С тех пор прошло совсем немного времени, ей часто снился дождливый, до черноты пасмурный день, когда вместе с Юрой они поехали в поселок «Большевик», который теперь назывался Батурине, чтобы там, в дубовой роще, похоронить собаку.
Из-под колес вишневой «шкоды-фелиции» летели брызги, дождь заливал ветровое стекло.
– Почему ты дрожишь, Лизонька? – не отрывая глаз от дороги, Юра тронул ее руку. – Если холодно, я могу включить печь.
– Не нужно. Это нервное.
– Ты боишься, нас увидят?
– Нет. В поселке сейчас пусто, в плаще под капюшоном вряд ли кто-то узнает.
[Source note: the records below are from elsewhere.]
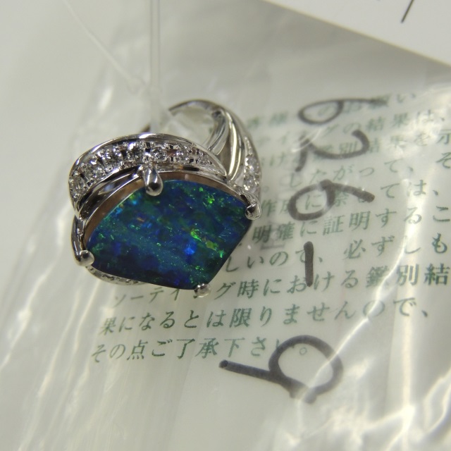 リング ボルダーオパール ダイヤ Pt900 13.90g 中ソ 石目:5.87 D0.33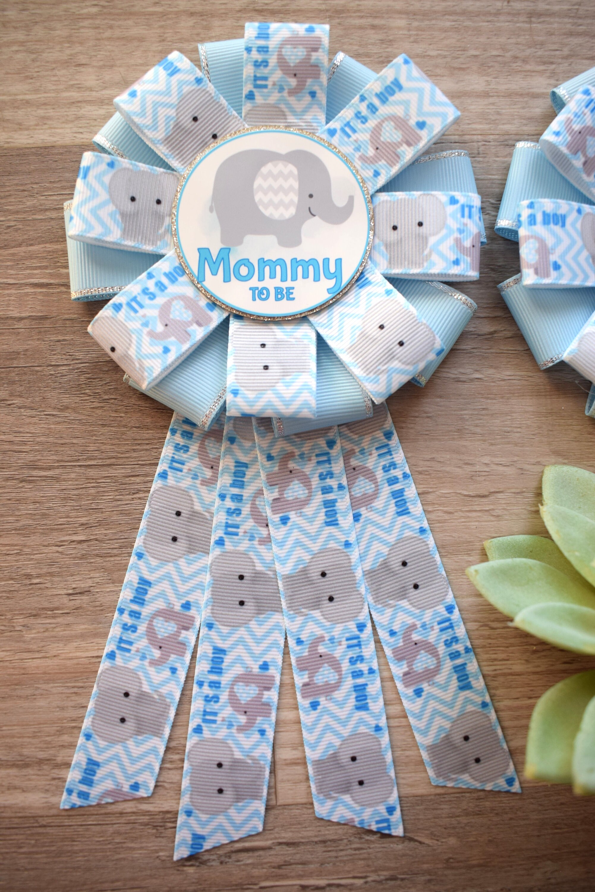 Boy Elephant Baby Shower, Blue Grey Elephant Mommy To Be Ribbon Pin, Daddy To Be Pin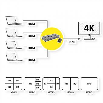 HDMI 4x1 QUAD Multi-Viewer Switch, nahtlose Umschaltung

К тому же темнеет... Нет, ничего я не боюсь, просто я не была здесь пятнадцать лет. Я очень любила в детстве эту дорогу поворот к роще. Почти ничего не изменилось.
Машину оставили у небольшой поляны, где когда-то была волейбольная площадка, в рощу зашли со стороны соседней улицы. Лиза издалека заметила, что в окне старого деревянного дома горит свет, и отвернулась.
Лопата легко входила в мягкую мокрую землю. Стало совсем темно, Лиза зажгла карманный фонарик. Когда все было уже закончено и над собачьей могилой вырос небольшой холмик, совсем рядом послышались шаги. Кто-то приближался к ним в темноте, хрипло, надрывно кашляя. Тонкий фонарный луч выхватил из мрака капюшон плащ-палатки, сморщенное старческое лицо.
– Покурить не найдется? – произнес хриплый голос.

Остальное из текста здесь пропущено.